Question au Gouvernement n° 4168 :
médias

14e Législature

Question de : M. Michel Françaix
Oise (3e circonscription) - Socialiste, écologiste et républicain

Question posée en séance, et publiée le 21 juillet 2016


TRAITEMENT MÉDIATIQUE DES ATTENTATS

M. le président. La parole est à M. Michel Françaix, pour le groupe socialiste, écologiste et républicain.

M. Michel Françaix. Madame la ministre de la culture et de la communication, depuis longtemps sur les réseaux sociaux, on voit des vidéos faites pour nourrir les instincts du voyeurisme. Difficile d'y remédier, car ces réseaux donnent la parole à chaque citoyen, et cela est parfois précieux, même si l'on sait aussi que tout n'est pas humanisme chez l'homme.

Puis les chaînes d'information continue, boucle obsessionnelle qui brasse parfois plus de vide que de fond, sont rentrées dans la course, privilégiant trop souvent « l'informer vite » sur « l'informer bien ».

Lors des événements tragiques que nous venons de vivre, les chaînes généralistes privées et publiques ont participé hélas à ce triste spectacle fait d'exploitation de la douleur, d'images insoutenables et de rumeurs non vérifiées. On a donné trop souvent à voir du sang, des morts, sans aucun respect des victimes, sans aucun recul, sans aucune considération pour l'intelligence ou la sensibilité des téléspectateurs.

M. Paul Molac. Eh oui.

M. Michel Françaix. Loin de moi l'idée de demander aux législateurs de rédiger à la place des journalistes code de déontologie ou charte d'éthique. Loin de moi l'idée de vous demander, madame la ministre, une intervention qui remettrait en cause l'indépendance des journalistes, car il est révolu, le temps où le Président de la République intervenait à tout bout de champ et nommait les présidents des chaînes du service public. (Applaudissements sur quelques bancs du groupe socialiste, écologiste et républicain.)

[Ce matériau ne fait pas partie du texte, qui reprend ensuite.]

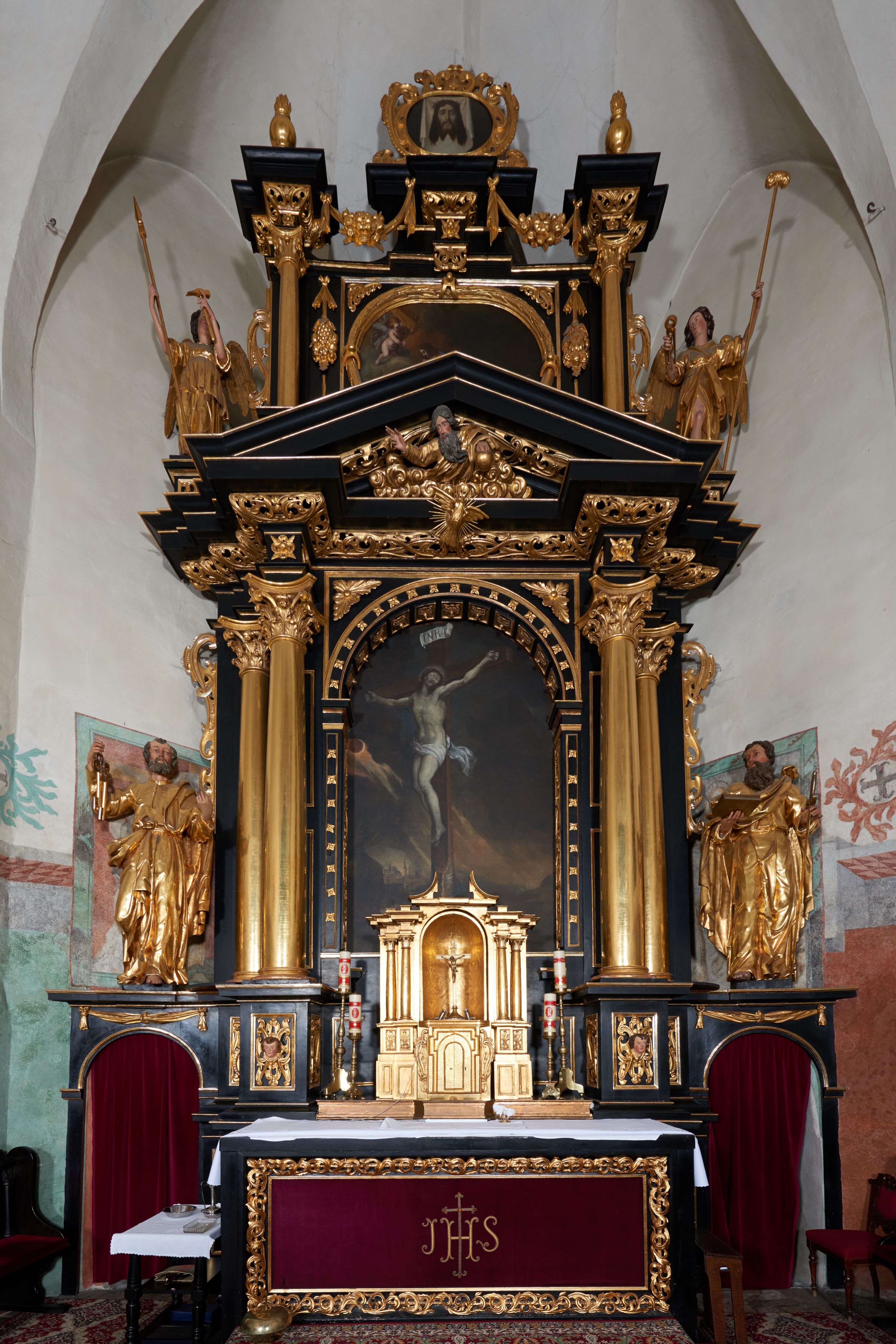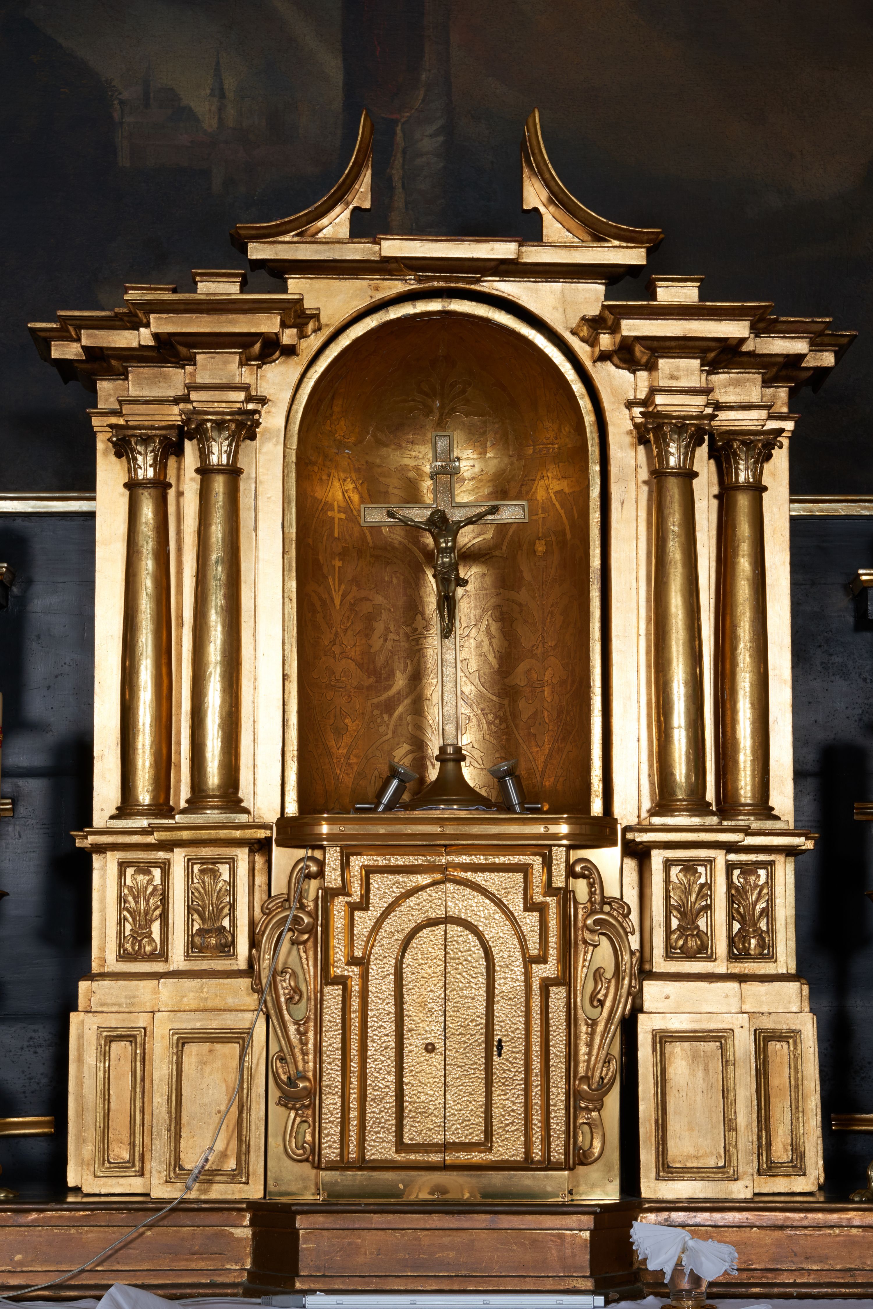 Warto zauważyć, że tabernakulum niemal odwzorowuje ołtarz w mniejszej skali. Oba w centrum mieszczą przedstawienie ukrzyżowanego Chrystusa. Struktura tabernakulum powtarza m.in. podziały pierwszej kondygnacji ołtarza wraz z układem kolumn posadowionych na wysokich cokołach, jedynie przyczółek, zamknięty w ołtarzu głównym, w tabernakulum został rozerwany i wygięty do góry.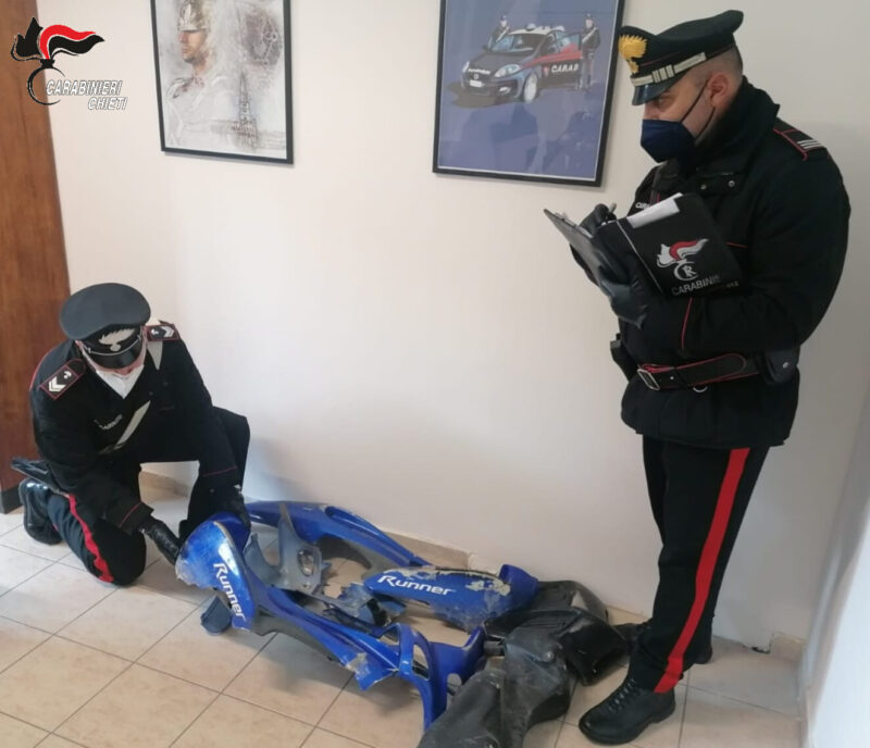 A casa di uno dei due ragazzi sono state trovate alcune parti dello scooter rubato che è stato smontato in pezzi e l’altro giovane ha confessato di aver rubato il mezzo perchè “gli serviva come pezzi di ricambio” per il suo scooter che è uguale per marca e modello.Il telaio, infatti, è stato prima sezionato in parti e poi gettato via.

C'est au Conseil supérieur de l’audiovisuel – CSA – d'intervenir fermement pour que simplification, spectacularisation, émotion et mise en scène ne prennent pas définitivement l'avantage sur la mise en perspective. C'est aux journalistes d'approfondir leur réflexion avec nous, les citoyens, pour savoir que montrer, qu'occulter, où placer la limite du soutenable, où s'arrête l'information et où débute le voyeurisme dans un monde en pleine mutation.

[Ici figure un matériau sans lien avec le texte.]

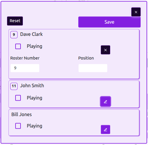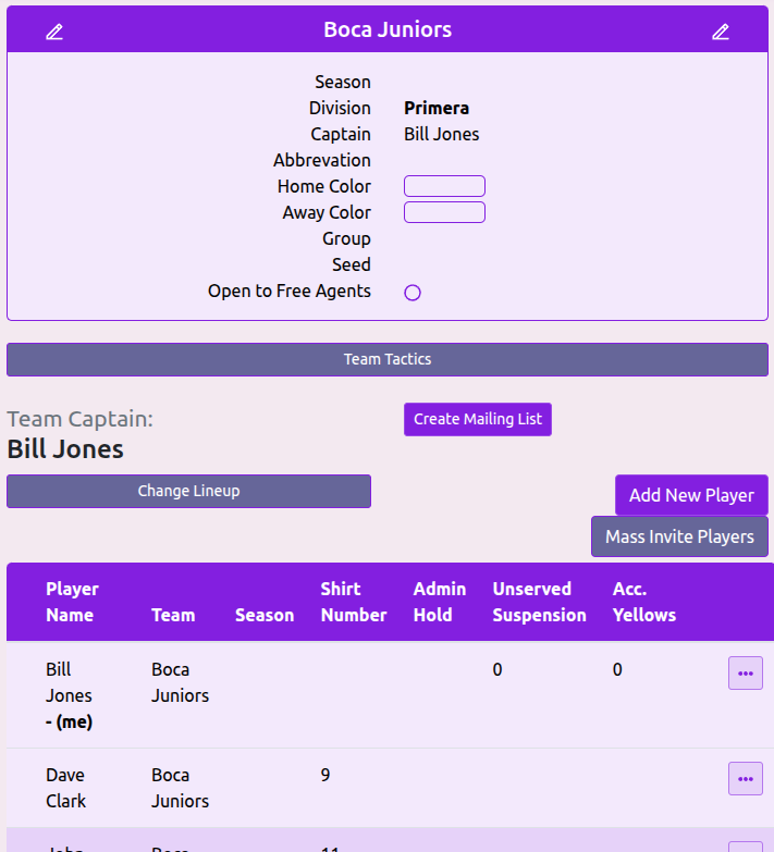 Team lineups are used by match officials and scorekeepers to track which players are participating in a game. A lineup includes a Playing / Not Playing status for each player, along with optional shirt or roster number and field position details. Team captains can set a default lineup for all matches and override it on a per-match basis when needed. Lineups can only be edited before the match starts; once a match is in progress, only match officials can make changes.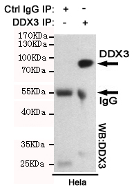 Immunoprecipitation analysis of Hela cell lysates using DDX3 mouse mAb.

Au CSA de rappeler droits et devoirs, et de faire que le cahier des charges soit respecté. Aux politiques eux-mêmes de lutter contre toutes formes de désinformation du style « dites-leur ce qu'ils veulent entendre ».

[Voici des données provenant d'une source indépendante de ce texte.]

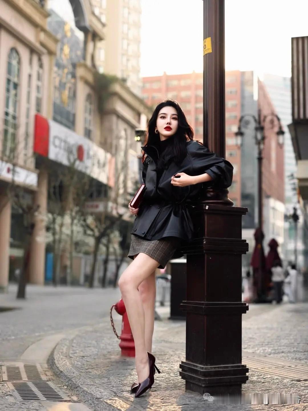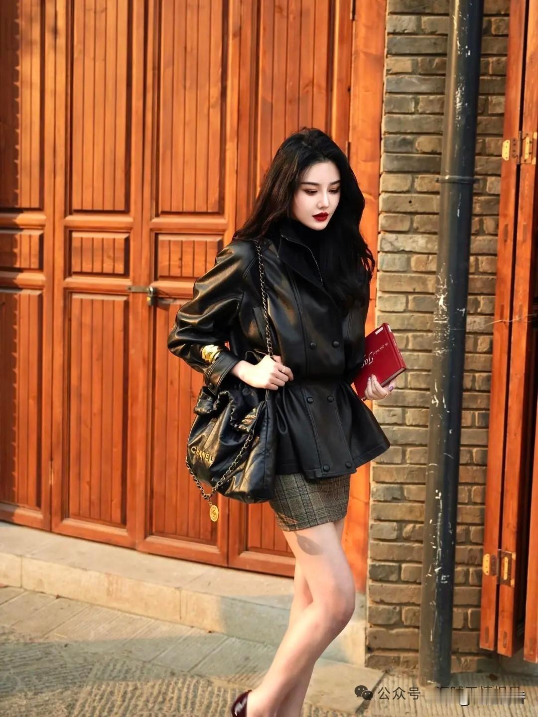 黑色皮衣下搭格子短裙,突显女神完美气质!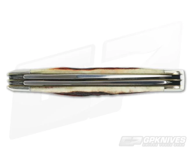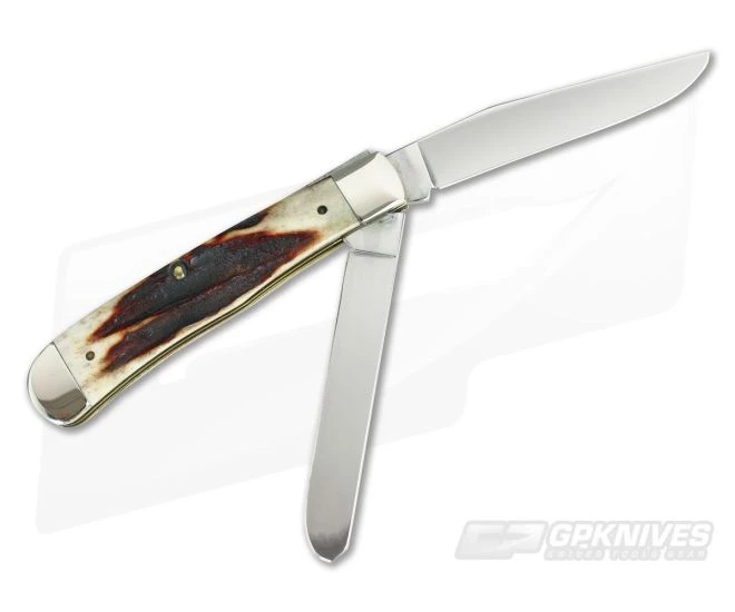 This Case Red Stag Trapper was produced by Case in 1996. The front of the master clip blade is stamped Case with long C and four dots. The front of spey bears the pattern number R5254 SS. Both mirror polished blades have good snap and no wobble. Nice matching deep red stag handles are chip and crack free accented with a nickel silver shield. Red stag is normally valued slightly higher than normal stag and is usually produced in limited production runs.. The trapper is the most popular pattern among the Case family, valued and highly collectible. A nice addition to any collection.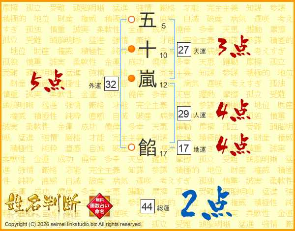 五十嵐餡さんの総運は44画の2点!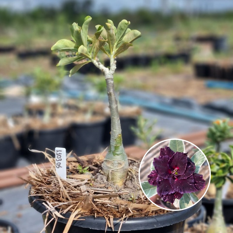 Muda Baobá Baby com caudex em formação do adenium rosa do deserto cultivar Ceu Estrelado Variegata, perfeita para colecionadores apaixonados!

À vous, madame la ministre, de nous donner la direction, et de vous souvenir avec Victor Hugo que « Souvent la foule trahit le peuple ». (Applaudissements sur les bancs du groupe socialiste, écologiste et républicain.)

M. le président. La parole est à Mme la ministre de la culture et de la communication.

Mme Audrey Azoulay, ministre de la culture et de la communication. Monsieur le député, je comprends votre indignation, qui a également été celle de beaucoup de Français, alors que nous étions encore sous le choc de cette violence inouïe qui, à Nice, a frappé des enfants, des femmes, des hommes.

Il y a quarante-huit heures, j'ai défendu ici même devant vous la proposition de loi de votre collègue Patrick Bloche visant à renforcer l'indépendance des médias et à mieux protéger le travail des journalistes. La liberté de la presse est au cœur de notre démocratie. Nous ne devons pas transiger sur cette valeur.

Mais cette liberté implique aussi une responsabilité forte. Elle implique de la part des médias le respect des principes fondamentaux que sont la dignité humaine et l'honnêteté de l'information. C'est pour cela que la loi du 30 septembre 1986 relative à la liberté de communication a confié, vous l'avez dit, au CSA, autorité indépendante dont nous avons encore renforcé l'indépendance, la mission de veiller au bon respect de ces principes et que nous l'avons doté d'un pouvoir de sanction.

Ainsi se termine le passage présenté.